Четыре вагона осталось до конца. Три. Два. Пошел на поворот последний. Пикин облегченно вздохнул, сунул руку в карман куртки за папиросами, и в тот же миг что-то грохнуло оглушительно, хвостовой вагон накренился, сшиб с рельсов соседа, тот стянул еще один и пошло-поехало кверху колесами. Пыхнуло пламя. Дождем летящее во все стороны зерно мигом стало красным. Окровавленные, раскаленные зерна секли Пикина по лицу, по обнаженной шее, по рукам. Жгли, кусали, ранили. Ослепленный и оглушенный, он нелепо размахивал растопыренными руками, чумно выкрикивал: «Что это? Как же? Стойте!..»

А грохот все нарастал. Земля вспучивалась пузырями, и те лопались со звоном, и к красным струям зерна примешивалось черное земляное крошево. «Да ведь это снаряды рвутся», — понял наконец Пикин, разом стряхнув испуг и оцепенение.

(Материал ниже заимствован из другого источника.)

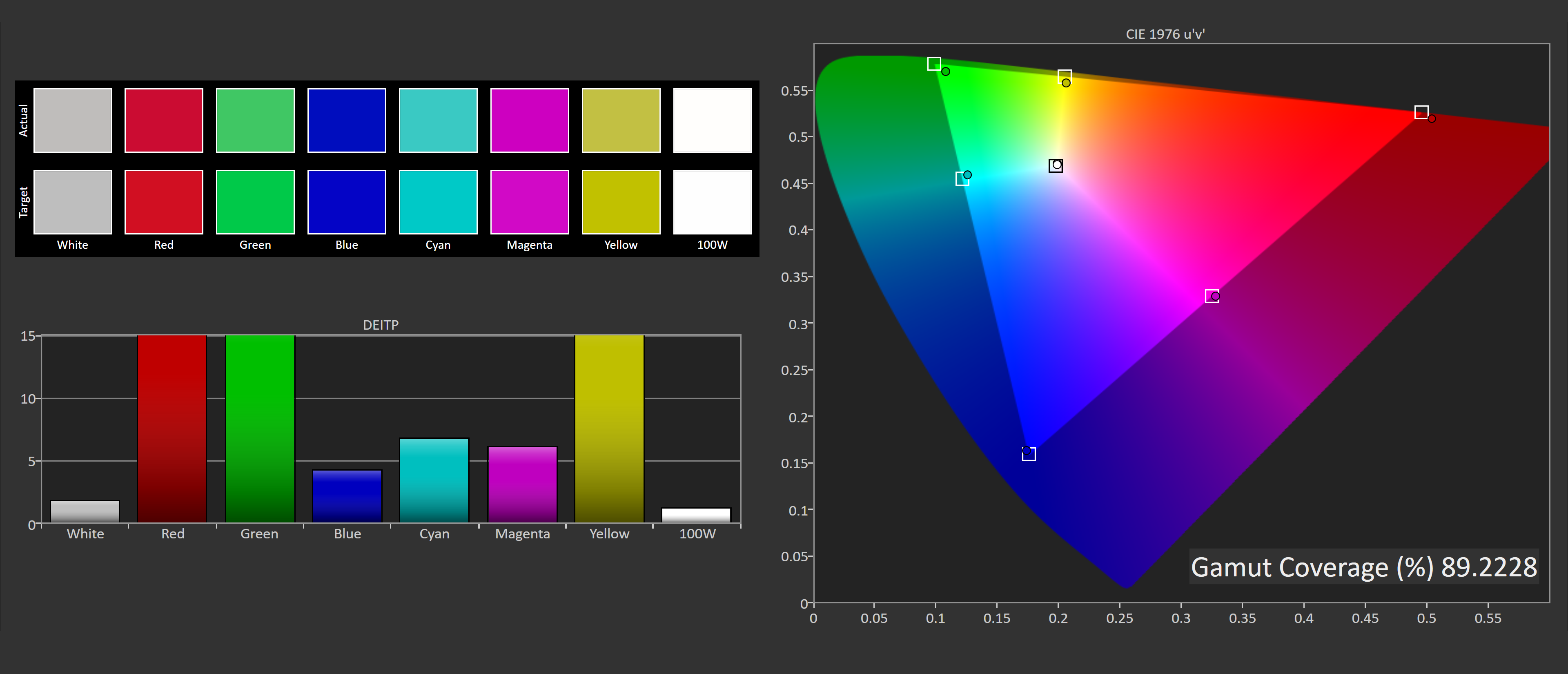 Calibrated P3 performance is also strong with the exception of top-end colors as the display delivers just 89% coverage of the P3 color space. If you really need an accurate monitor for P3 work, we'd recommend choosing an IPS instead.

Раз снаряды — значит, бой! Значит, эта катастрофа — не недогляд, а диверсия. Ну что ж, теперь почеломкаемся с белогвардейской сволочью. В открытую. Глаз в глаз… «Это — хорошо! Здорово!» — возликовал Пикин, тут же забыв о горящем зерне и о боли в сердце. Но где же товарищи? И почему у него даже нагана нет? Что это?

Откуда-то из-за спины долетел глухой голос матери. Она звала его…

Пикин проснулся. В дверь колотили с улицы. Еще ничего не сообразив, он скакнул с кровати, в два прыжка подлетел к двери.

— Кто?

— Трегубенко. Депеша из Сибпродкома. Велели немедленно и в собственные руки…

— А-а! — выдохнул Пикин из самой нутряной глуби, И уже спокойней и тише: —Ах, черт возьми…

Сгорбился над принесенным листком и, беззвучно шевеля губами, заскользил лихорадочным взглядом по неровному, но густому плетню букв.

«Омск. Сибпродком… Ввиду обострившегося до крайности положения с продовольствием Республики предписываю в порядке боевого приказа напряжением всех сил повысить погрузку и отправку хлеба центру и довести до максимума. Ежедневно по прямому проводу сообщайте лично мне и наркомпроду: 1) наличие хлеба на станциях желдорог, 2) количество подвезенного к станциям хлеба за сутки, 3) погрузка хлеба за сутки, отдельно — Центру, отдельно — местная, 4) если был недогруз— причины последнего. Предсовобороны Ленин».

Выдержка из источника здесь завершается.